What are the essential steps of your chosen synthesis method?

  1. Sequence design: Use computational models to design the target DNA sequences, optimizing codon usage for the target organism and avoiding problematic features (e.g., long repeats, extreme GC content).
  2. Oligonucleotide synthesis: Short single-stranded DNA pieces (oligos, ~50–200 bases) are built base by base using chemical reactions on a solid support. Each cycle adds one nucleotide at a time.
  3. Assembly: Overlapping oligos are combined and joined enzymatically into longer double-stranded fragments (a few hundred to a few thousand base pairs).
  4. Cloning: The assembled fragments are inserted into a circular DNA carrier (plasmid vector) and introduced into bacteria, which copy the DNA as they grow.
  5. Verification: The final constructs are sequenced to confirm the correct sequence was built.
  6. Large construct assembly: Multiple verified fragments are stitched together using Gibson Assembly or Golden Gate Assembly to create larger genetic constructs.

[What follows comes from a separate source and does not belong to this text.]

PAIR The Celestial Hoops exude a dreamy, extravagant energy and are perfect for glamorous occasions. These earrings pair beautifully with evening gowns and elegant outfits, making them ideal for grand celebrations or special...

What are the limitations of your synthesis method in terms of speed, accuracy, and scalability?

  • Speed: Synthesizing and assembling long constructs (>10,000 base pairs) can take weeks, since each fragment must be built, verified, and then joined together step by step.
  • Accuracy: Chemical synthesis introduces errors at a rate of roughly 1 in 200 bases per oligo. While these errors are corrected through screening and verification, it adds time and cost.
  • Scalability: Very long or repetitive sequences are difficult to synthesize because the oligos may misassemble or fold in unwanted ways. Sequences with extreme GC content are also harder to build reliably.

5.3 DNA Edit

What DNA would you want to edit and why?

I would want to edit specific genes in model organisms (such as mice) to replace their native sequences with the longevity-associated sequences identified from the analysis above. For example, if the computational model predicts that a certain variant of a DNA repair gene is linked to longer lifespan in mammals, I would edit a mouse’s genome to carry that variant. This would let us test whether swapping in these predicted “long-life” DNA variants actually extends lifespan or improves age-related health outcomes like cancer resistance or cellular repair.

What technology or technologies would you use to perform these DNA edits and why?

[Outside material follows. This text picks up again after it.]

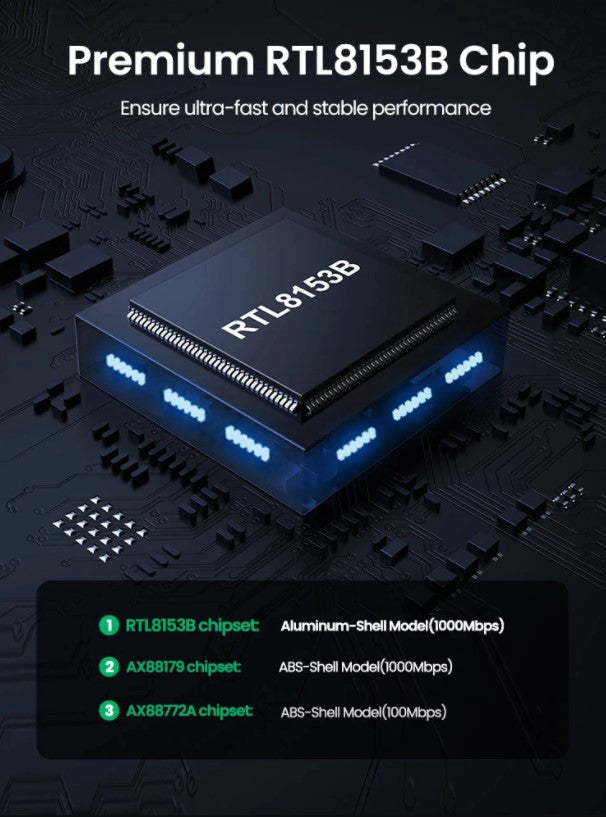 High-Performance RTL8153B Chipset: The adapter is equipped with the high-performance RTL8153B chipset, known for its efficiency and reliability. This chipset ensures stable and high-speed network performance, meeting the demands of modern computing.

I would use CRISPR-Cas9 gene editing, because it is the most precise, versatile, and widely used genome editing tool available. It can make targeted changes at specific locations in the genome of living cells and organisms, and it works well in mammalian systems including mice.

How does your technology edit DNA? What are the essential steps?

  1. Target selection: Identify the exact location in the genome you want to edit.
  2. Guide RNA design: Design a short RNA sequence that matches the target DNA site.
  3. Cutting: The Cas9 protein, guided by the RNA, binds to the matching DNA site and makes a double-strand break.
  4. Repair: The cell’s natural repair machinery fixes the break. If a DNA template with the desired new sequence is provided alongside the CRISPR components, the cell can use it as a blueprint to incorporate the new sequence, called homology-directed repair.
  5. Screening: Edited cells are sequenced to confirm the desired change was made correctly.

What preparation do you need to do, and what is the input?

  • Design inputs: The target DNA sequence, a custom guide RNA matching that sequence, and a DNA donor template carrying the desired new sequence flanked by regions that match the area around the cut site.
  • Molecular inputs: Cas9 protein or mRNA, synthesized guide RNA, donor template DNA, and delivery reagents.
  • Biological inputs: Target mouse cell.

What are the limitations of your editing method in terms of efficiency or precision?

  • Off-target edits: The guide RNA can sometimes bind to similar sites elsewhere in the genome, causing unintended cuts and mutations.
  • Low HDR efficiency: Only a fraction of edited cells may carry the precise desired change, requiring extensive screening.
  • Delivery challenges: Getting CRISPR components into every target cell efficiently, especially in living animals, remains difficult. Some tissues are harder to reach than others.